Last updated:Please note This post is mainly intended for my

personal use. It is not peer-reviewed work and should not be taken as such.

## WHAT

The authors propose a method for learning from multi-label data where the labels form an *is-a* hierarchy.

## WHY

Other approaches for structured learning in a multi-label context focus on trees only, not DAGs (which are a generalization of trees).

In the few cases they do (e.g. Barutcuoglu and Toryanskaya 2006) they focus on algorithm adaptation methods (rather than problem adaptation methods) which are restricted to a single technique.

## HOW

First they reduce the dimensionality of the label space using a technique called Kernel Density Estimation (KDE) that produces a lower-rank matrix where the depencies in the original matrix are kept. This happens because they use Kernel PCA instead of PCA.

Then they frame the label assignment problem as an optimization problem, with the added constraint that if a label \(l\) is given to an instance, all \( l_p \ | \ l_p \text{ is a parent of } \ l \) must also be given.

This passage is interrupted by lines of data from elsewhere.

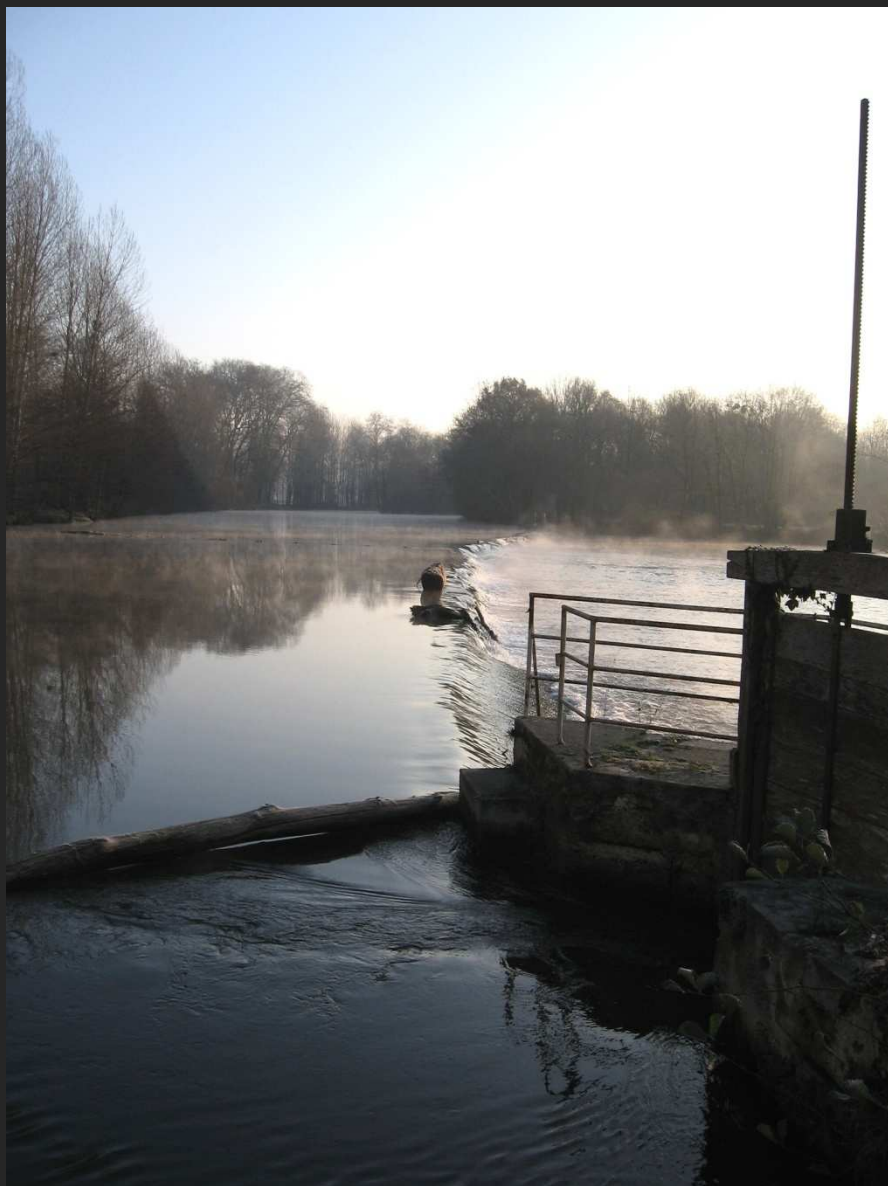
L'Isle à Trelissac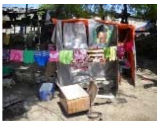
port au prince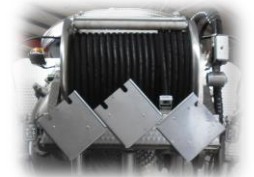
Pannello di controllo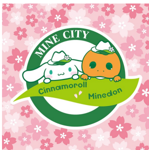
ミネドン×シナモロール (山口県美祿市)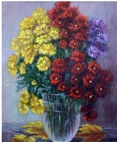
Рис. 8. «Диво пізньої осені», 59x40, 2005р.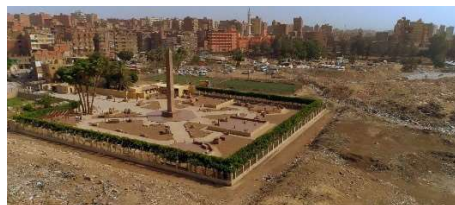
Musée en plein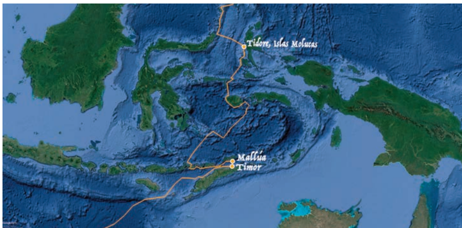
Tránsito de las Molucas a Timor, antesala del trayecto más duro al que hubo de enfrentarse Elcano.

Tras permanecer 37 jornadas en una isla sin identificar entre Brunéi y Palawan para reparar y calafatear las naves, a esas alturas muy maltrechas, acordaron la destitución de Carvalho por algunos casos oscuros de corrupción y el nombramiento de Espinosa (que ya era capitán de la Trinidad ) como capitán general de la flota. Juan Sebastián de Elcano, por su parte, fue nombrado capitán de la Victoria . Con esta nueva organización cesó la deriva en los rumbos y las dos naves llegaron finalmente a Tidore, en las Molucas, el 8 de noviembre. En Tidore los expedicionarios encontraron un rey, Almansur, con mucha predisposición a comerciar con ellos, y lo que resultó mejor, leal a los pactos contraídos. Durante algo más de cuarenta días las dos naos cargaron todo el clavo que pudieron almacenar, aunque a la hora de la salida la Trinidad hacía agua de manera peligrosa por lo que hubo de permanecer en la isla reparando durante cuatro meses, transcurridos los cuales inició el viaje de regreso por el este en dirección a Castilla del Oro, pero los vientos contrarios, los fuertes temporales y la falta de alimentos los obligaron a regresar a Tidore, donde fueron capturados por los portugueses que los sometieron a trabajos forzados tan duros que únicamente sobrevivieron tres hombres. Al mando de Juan Sebastián de Elcano, la Victoria zarpó de Tidore el 21 de diciembre con 47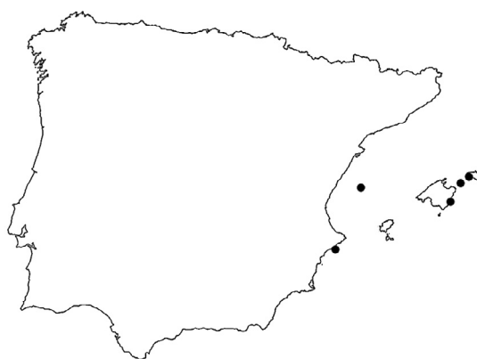
Mapa 2- Distribución de Cryptonemia tuniformis en la Península Ibérica y las islas Baleares.

CASTELLÓN DE LA PLANA: 31SCE01 , illes Columbrets, -25/29 m, VII-1978, VAL-Algae 886-1.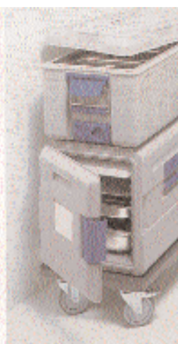
BLANCOTHERM 320 KU, 420 K Mobilstation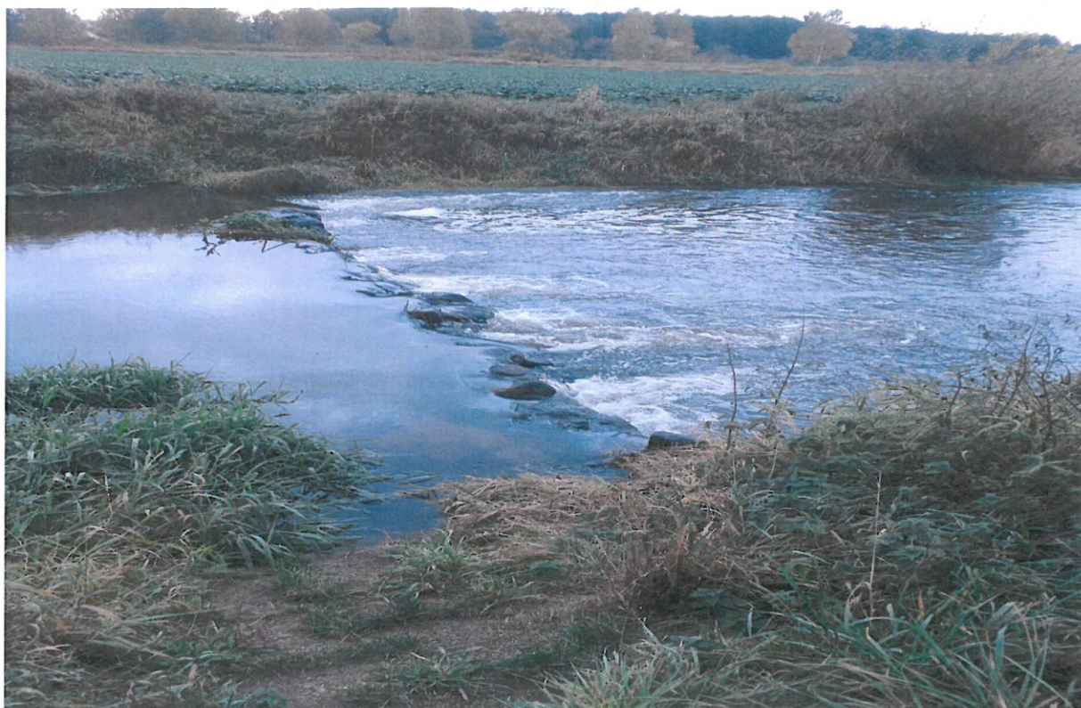
1. Zdjęcie rzeki Prosny w miejscowości Dietrzkowice (Bezula).

Prosna jest nizinnym szlakiem kajakowym, dostępnym od Wieruszowa do Pyzdr na odcinku 150 km. Przebiega głównie w otoczeniu pól i łąk w większości w szpalerach wierzbowych. Prosna na terenie Gminy Łubnice przepływa przez miejscowości: Wójcin, Łubnice i Dietrzkowice. Rzeka nie sprzyja kąpielom. Jej brzegi porośnięte są gęstą roślinnością szuwarową, dno jest zatorfione i muliste. Prosna poza „wielką wodą”, nigdy nie wygląda groźnie i nie budzi obaw, dlatego też dla wielu osób rzeka posiada nieodparty urok, będąc miejscem wypoczynku, wędkowania i spacerów nad jej nurtem. Na rzece znajdują się trzy mosty i tama, obecnie w trakcie modernizacji, które można potraktować jako miejsca okazjonalnie wykorzystywane do kąpieli (dzikie kąpieliska). Do rzeki przylegają działki będące własnością prywatną. Akwen wodny nieoznakowany i niestrzeżony.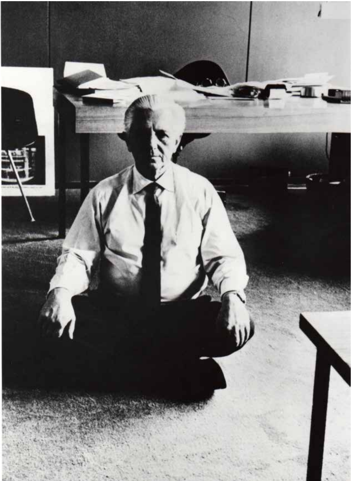
Piscator in his Berlin apartment in 1965. Even at age 72 he daily did gymnastic exercises Piscator in seiner Berliner Wohnung, 1965. Mit 72 Jahren machte er noch täglich Gymnastikübungen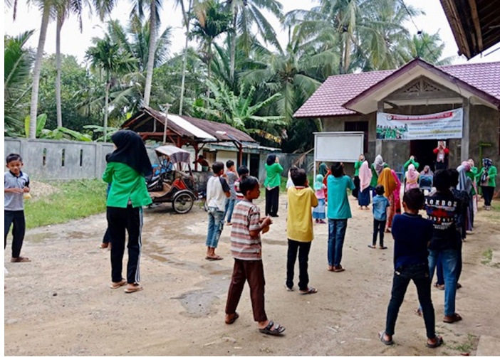
Mahasiswa KKN Kelompok 97 di Desa Pulo Iboh Kecamatan Kuta Makmur, Aceh Utara, mengajarkan anak-anak setempat senam pinguin, Minggu (8/9/2019).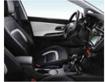
PLATIN WK - Schwarz / Volleleder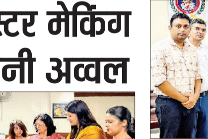
सोनीपत। प्रतियोगिता के दौरान पोस्टरस का अवलोकन करते निर्णायक मंडल।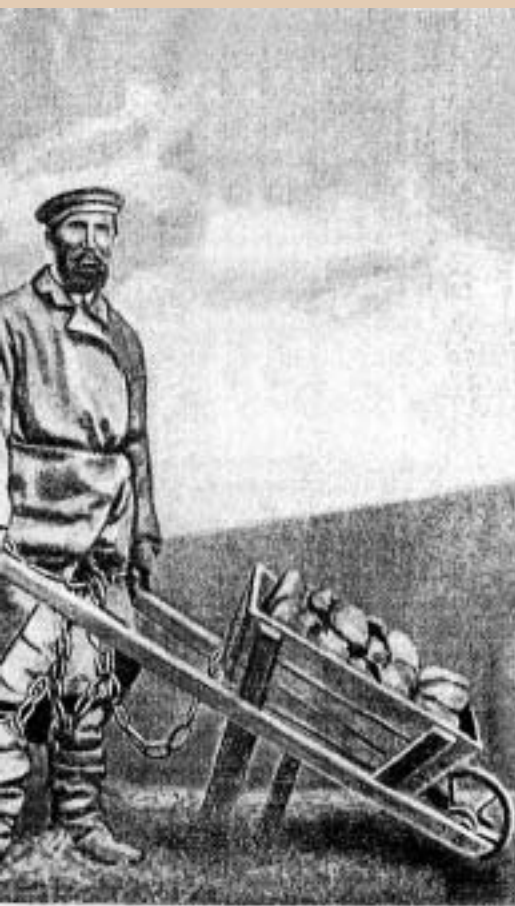
Каторжник, прикованный к тачке. (Приковывание к тачке было отменено в 1903 году.)

rejonach imperium. Orzekano ją na czas nieokreślony (dożywotnio) lub terminowy. W tym ostatnim przypadku kategorię można było połączyć z dożywotnim osiedleniem na Syberii albo, w formie łagodniejszej, terminowym zesłaniem. Na ziemiach byłego Królestwa Polskiego nasilenie orzekania kary kategorii nastąpiło w okresie po rewolucji 1905 r. Tylko w Warszawskim Wojskowym Okręgu Sądowym w latach 1905-1908 skazano 574 osoby, przede wszystkim z powodów politycznych. W 1912 r. w całym imperium na tę karę skazano 547 więźniów politycznych i kryminalnych. Okres kategorii liczono od dnia ogłoszenia wyroku, bez uwzględnienia wielu lat pozostawania w śledztwie. Po uprawomocnieniu, skazanego ubierano w szary chałat (ubiór) katorżniczy, a nogi zakuwano w 12-funtowe kajdany z łańcuchem połączonym z szerokim pasem na biodrach. Katorżnik miał prawo do posiadania chusteczki, torby i kociołka będących w opiniach więźniów godłem przyszłego „bradiagi”. Skazany był co dwa tygodnie przymusowo golony, co Feliks Kon (w 1889 r. skazany na karę 8 lat katorgi) za każdym razem boleśnie odczuwał i był głęboko oburzony, gdyż „było to naigrywanie się nad moją ludzką godnością”.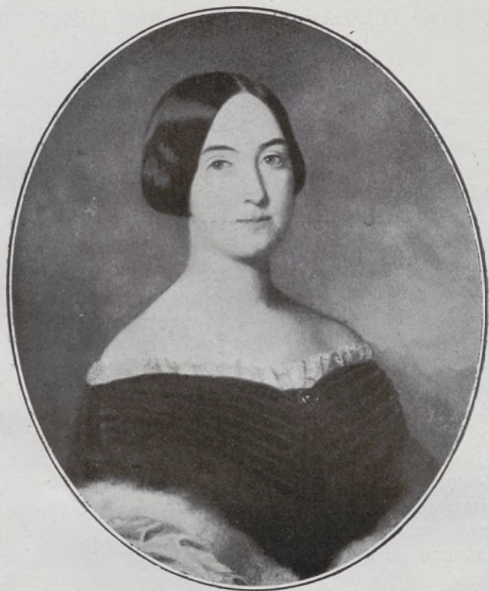
XII Duquesa de Sanlúcar la Mayor.

They make a few simplifying assumptions and conclude that this problem can be reduced to a well-known problem called the *fractional knapsack problem* ^{1} which in this case can be solved by an algorithm called CSSA (Condensing Sort and Select Algorithm)

## CLAIMS

The state-of-the art in DAG-structured multi-label classification

**was**a method called CLUS-HMC by Vens et al., 2008The method proposed by the authors support both tree-based and DAG-based label hierarchies and outperform CLUS-HMC and Hierarchical-SVM on multiple datasets.

## NOTES

They use an interesting metric called

**AUPRC**(Area under the Precision-Recall Curve) that's analogous to AUC but for precision-recall curves.- This is very interesting for Information Retrieval problems.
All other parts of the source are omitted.